26.6.07

Esquecimento

César abriu os braços com empolgação e gritou bem alto: “Voltei, pessoal!”.

José, Alberto e Wesley eram os três amigos adolescentes que o esperavam na frente do aeroporto. Olharam-no de cima pra baixo com o rosto cheio de espinhas e espanto: rodeado de malas, a pele alisada, a barba feita, o cabelo cortado, o corpo todo colorido por roupas estrangeiras, o semblante da alegria pendurado em seu nariz de palhaço: se fosse o mesmo, ainda seria outro.

- Pôxa, que saudade de vocês. Nossa, vocês não têm noção como senti falta de meus amigo nessa viagem. Eu conheci gente, mas nenhuma era tão especial quanto vocês! Nenhuma! Nossa, me bate uma coisa boa em ver vocês! Lembro das tantas vezes que saímos juntos, das piadas, das festas desses 8 anos em que nos conhecemos. Quanta saudade! É saudade demais, meu Deus!

Enquanto César caminha rapidamente para abraçar seus amigos, os três recuam: dois passos para traz: o passado despenca sobre nossas cabeças: desconfiança: uma rasteira que nos apunhala pelas costas.

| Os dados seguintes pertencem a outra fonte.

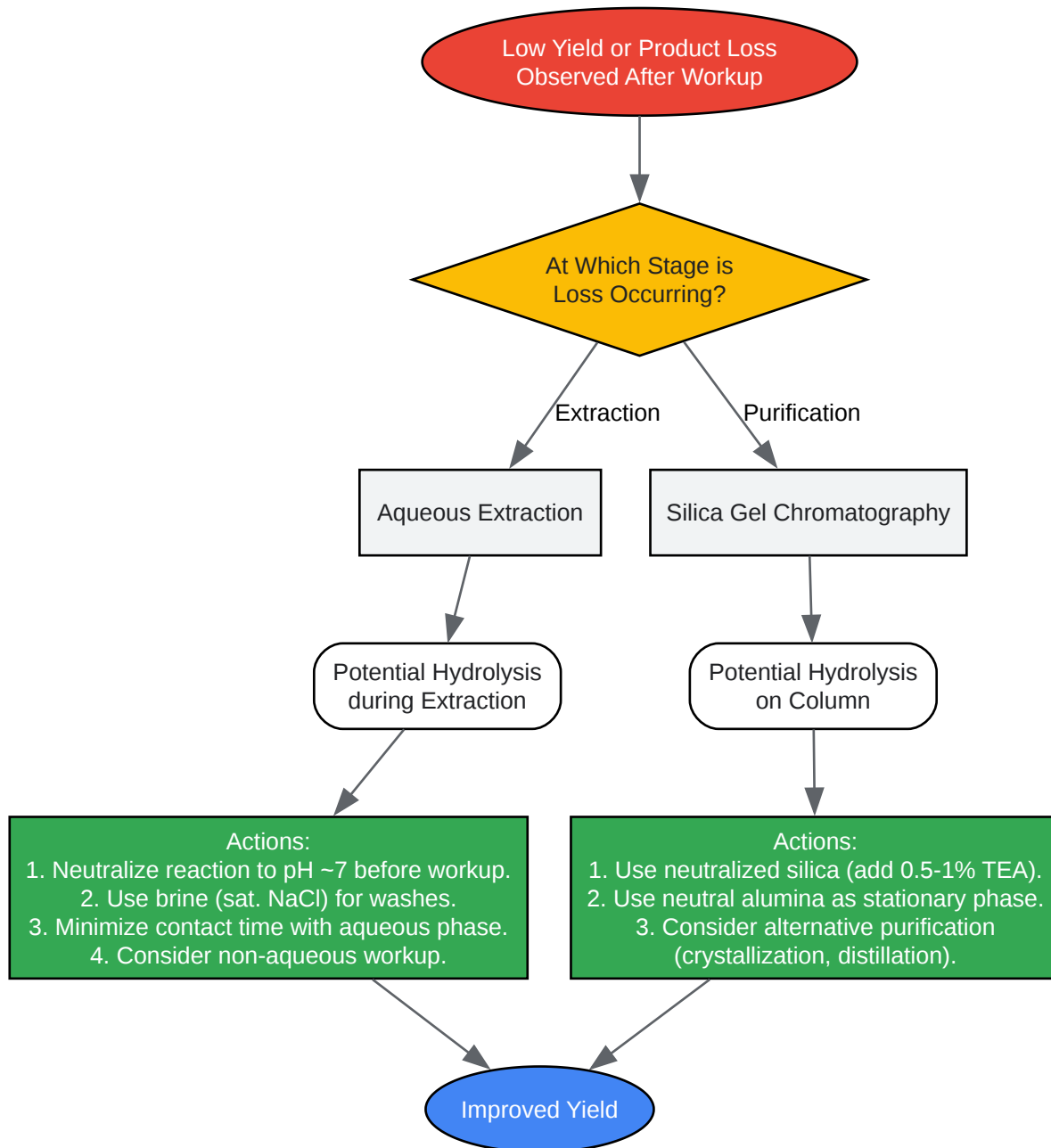
Fig. 2: Troubleshooting Product Loss During Workup

Click to download full resolution via product page

Alberto tira da cintura o 3-8tão de seu pai e manda dois tiros na testa de César, que cai no chão em silêncio ensangüentado. Agora, uma pedra sorridente estendida no piso do aeroporto.

José acende um cigarro e caminha lentamente de volta para a casa. Wesley comenta com os dois enquanto come pipocas: “ele sempre foi um idiota, né?”. Alberto guarda a arma na cintura e responde: “o importante é que túmulos não são esquecidos”. Os outros dois concordam balançando a cabeça silenciosamente.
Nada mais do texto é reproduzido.